Wo aber bleibt die Ordnungsmacht, die Nato, wo sind die deutschen Truppen? Ihre Präsenz in den Straßen der Stadt hat abgenommen, weil die Truppen im gesamten „Besatzungsgebiet“ aktiv geworden sind. Die Deutschen setzen immerhin einige Zeichen: Sie verhinderten durch Truppenpräsenz die Übernahme der Grenzkontrolle durch die UÇK-Leute und ersetzen die UÇK-Flagge an der Grenze durch eine Nato- Fahne.

Brigadegeneral Fritz von Korff hat mehrmals darauf hingewiesen, daß bisher noch kein Abkommen über die Entwaffnung der UÇK bestünde. Immerhin hatten gestern, US-Angaben zufolge, Führer der UÇK die prinzipielle Bereitschaft erklärt, ihre Waffen abzugeben. Doch Generalleutnant Rüdiger Drews sprach der UÇK auch jegliche Legitimation ab, als Ordnungsmacht aufzutreten.

Nur, was dem folgen soll, bleibt unklar. Die für den Aufbau der Zivilstrukturen zuständigen internationalen Berater sind noch gar nicht vor Ort. Die großen Organisationen zeigen sich wieder einmal wenig flexibel. Die Nato-Truppen sind bei der Frage der Sicherung der Wasserversorgung oder der Benzinverteilung ebenso überfordert wie bei der Einfuhr von Lebensmitteln, Fragen des Rentensystems und der Zölle. Polizeifunktionen wahrzunehmen scheitert schon an den mangelnden Sprachkenntnissen. Wer spricht in der Truppe schon Serbisch oder Albanisch?

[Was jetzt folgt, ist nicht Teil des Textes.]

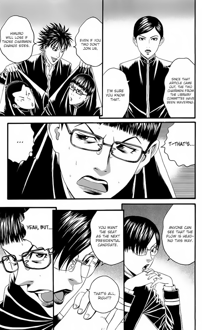 Akaba Teiichi is beginning his student career at an elite private boy's high school, which was originally renowned for producing many excellent naval officers. In its current incarnation, his school regularly turns out many important politicians and bureaucrats, and networking starts from day one. Teiichi is determined to become the school's student council president, a position which will help launch him into the political sphere after graduation. He has run his life so far by maintaining a perfect image, while never neglecting the darker side of politics. He has plenty of help to reach his goal. Teiichi's father, who is now an important bureaucrat, lost the position of student council president during his high school years, and that loss has continually hindered his career. He's determined to support his son's success in any way he can. Teiichi also has his loyal best friend and second-in-command, Koumei, helping him with strategy. On the side of emotional support, Teiichi has his little sister and mother, in addition to his girlfriend Mimiko. However, an unexpected force may rise against his ambition. An idealistic new teacher, Kurosaka Reiko, is determined to use her power to undermine the corrupt political traditions of their school. Her first step is to push a well-liked, highly intelligent, but poor student named Otaka Dan, who is not from the elite feeder middle school, into the political world. Will Teiichi be able to use the existing political system to achieve his goals, in spite of Kurosaka's efforts to upset the status quo? (Source: Raw Distro)
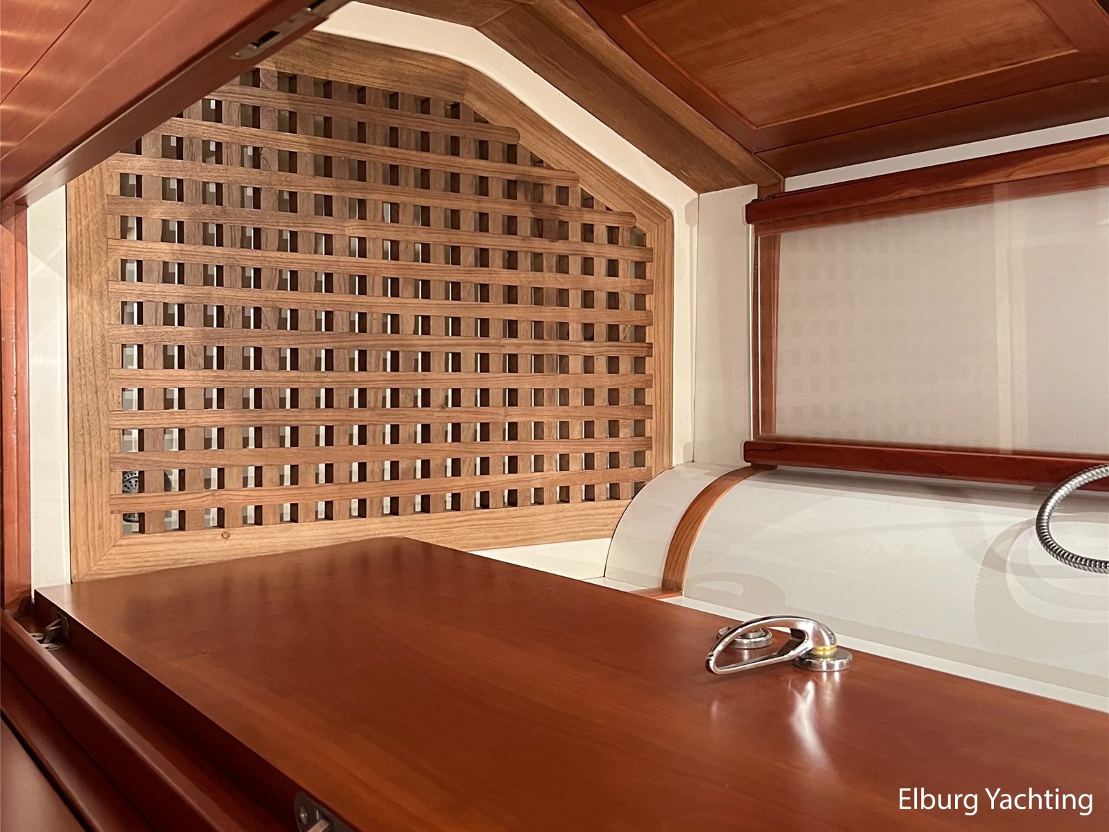 - Kersen hout + teak vloer door gehele schip + ledere bekleding

Doch eine zivile Verwaltung muß schnell aufgebaut werden. Kommunale Wahlen werden angesichts des fehlenden Wählerregisters wohl einige Zeit auf sich warten lassen, so ist es notwendig, die bisher bestehenden politischen Parteien wie auch die UÇK in diesen Prozeß einzubinden. Die UÇK versucht, in das politische Vakuum einzudringen, das mit dem Zusammenbruch des serbischen Herrschaftssystems enstanden ist, sie sollte deshalb aber nicht dämonisiert werden. Ihre Kämpfer sind keine Verwaltungsbeamten und auch keine Polizisten. Manche von ihnen könnten es aber werden – mit internationaler Hilfe.